Re: [sqlite] Schema design and/or SELECT construction

2009-06-03 Thread Craig Smith
Chris and Jay:

Thank you both very much for  your comments; that solves it.  I am not  
a trained database designer, but I have resources on normalization; I  
simply neglected to consult them, thinking that this was a SELECT  
problem, not a design problem.  Your input was just what I was hoping  
for.

> The concept of core and other keywords is a bit arbitrary.
> What is important (i.e. core) today might not be so tomorrow.
>
> Parsing comma separated lists in a single attribute is
> likely to be a bother.

>  Generally, I would call this a bad idea.  By most people's
>  thinking it also breaks First Normal Form.
>
>  Besides, you can't do database operations on comma separated lists.
>  If you need a one-to-many (one pic to many keywords) then do it right
>  and build an actual one-to-many relationship between two tables.

Craig Smith
cr...@macscripter.net



___
sqlite-users mailing list
sqlite-users@sqlite.org
http://sqlite.org:8080/cgi-bin/mailman/listinfo/sqlite-users


Re: [sqlite] Schema design and/or SELECT construction

2009-06-03 Thread Jay A. Kreibich
On Mon, Jun 01, 2009 at 09:21:40PM -0700, Craig Smith scratched on the wall:
> Hello:
> 
> I have about 3000 electronic images that I am preparing to distribute  
> to my family members.  They use a variety of operating systems, so I  
> am providing the images on remote hard drives, with the images divided  
> into folders based on years the images were created.  All images were  
> obtained via scanning of negatives and slides, and each image has been  
> keyworded in EXIF format.
> 
> What I want is to create a master SQLite database catalog of all the  
> images, and I have come up with a proposed schema:
> 
> TABLE main (all pertinent image data such as date, location in folder,  
> etc.)
> TABLE core_keywords (id, name) --This table would only hold the names  
> of my immediate family members, each with a corresponding id
> TABLE other_keyword (id,name) -- all other keywords

> I have thought to create two keyword fields in the main table, one to  
> hold the ids of the core_keywords (comma separated) and one to hold  
> the ids of the other_keywords, also comma separated.

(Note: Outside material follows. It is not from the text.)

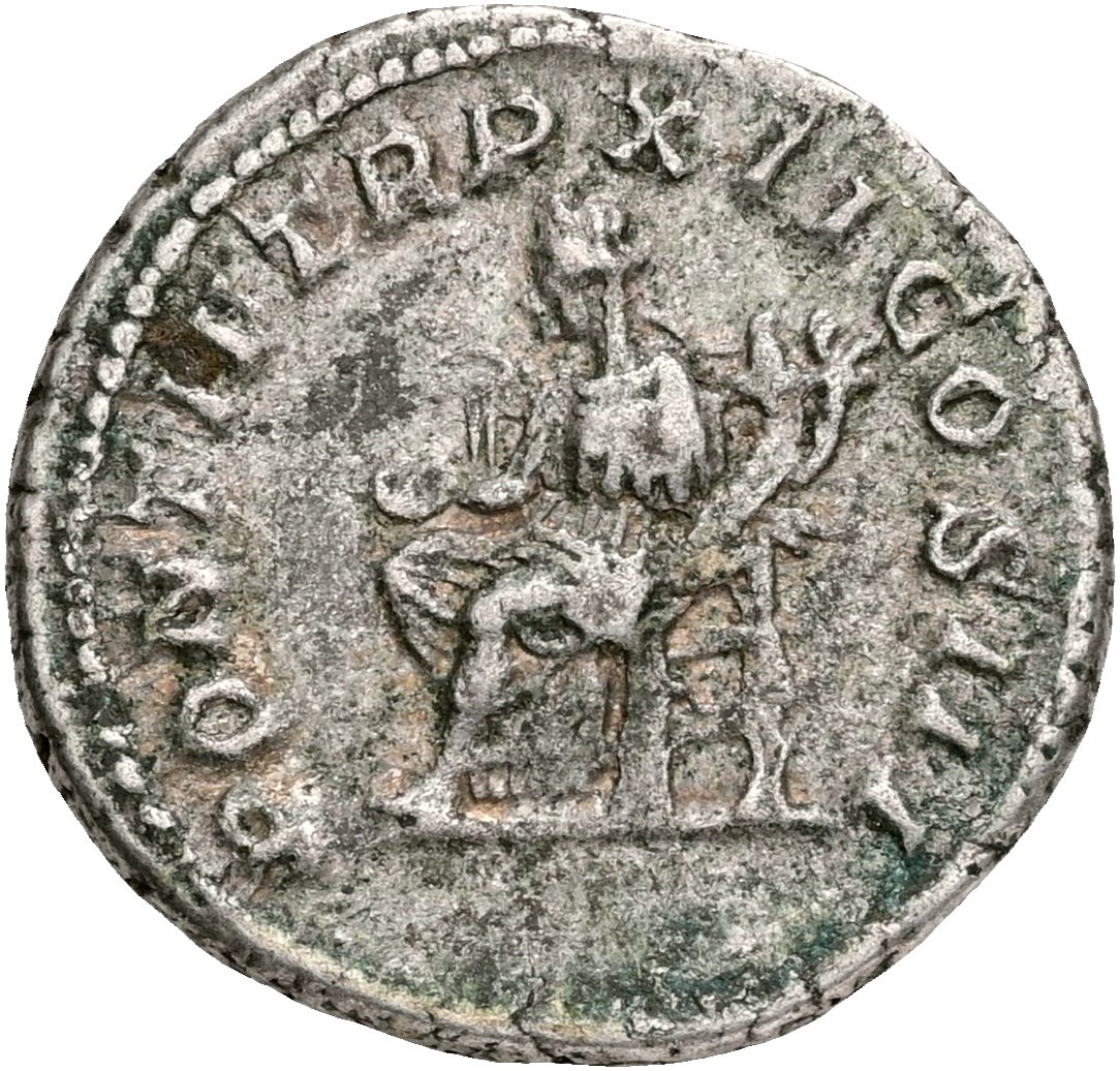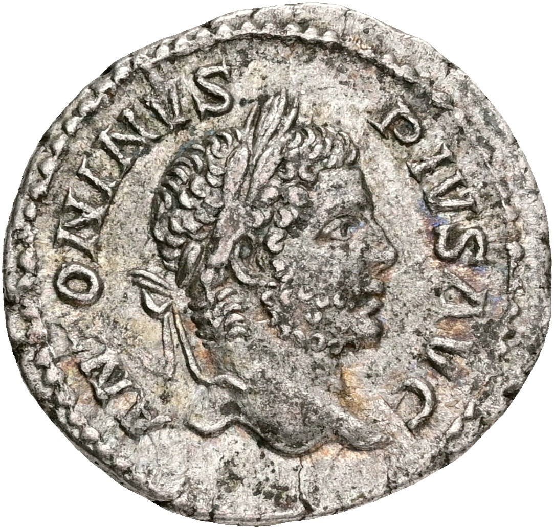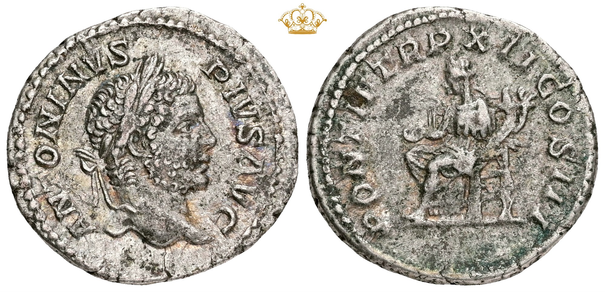 Denarius, c. 209 AD. Rome. ANTONINVS PIVS AVG, laureate head of Caracalla to right. Rev. PONTIF TR P XII COS III, Concordia seated left, holding patera in her right hand and double cornucopiae in her left.

  Generally, I would call this a bad idea.  By most people's
  thinking it also breaks First Normal Form.
  
  Besides, you can't do database operations on comma separated lists.
  If you need a one-to-many (one pic to many keywords) then do it right
  and build an actual one-to-many relationship between two tables.

  Although, in this case, I'd say it is actually many-to-many.

  Might I suggest:

TABLE pictures (pic_id INTEGER PRIMARY KEY, filename NOT NULL UNIQUE, . );
TABLE keywords (key_id INTEGER PRIMARY KEY, is_core bool, word NOT NULL UNIQUE);
TABLE pic_to_key (pic_id, key_id, PRIMARY KEY (pic_id, key_id));
INDEX pic_to_key (key_id, pick_id);  -- just because

  Define your pictures.
  Define your keywords.  You can flag specific keywords as "core."
  Define which pics have which keywords.

  You can then use a keyword to find pictures, or use pictures to find
  keywords.

> What I cannot  
> devise is an elegant method to SELECT based on the core_keywords to  
> achieve the following sorts:
> 
> 1- Find images with a single core_keyword id, that is, only images of  
> a single person, no other core persons in the image

  Lookup the key_id.  Find all the pics with that key idea.  Find all
  the key ids for those pictures.  Count them, select the pics with 1.

> 2- Find images with a specific set of core_keyword ids, such as 1 and  
> 6 or 2 and 5 and 7, etc., with no other core persons in the image

  Same basic idea, left as an exercise to the reader.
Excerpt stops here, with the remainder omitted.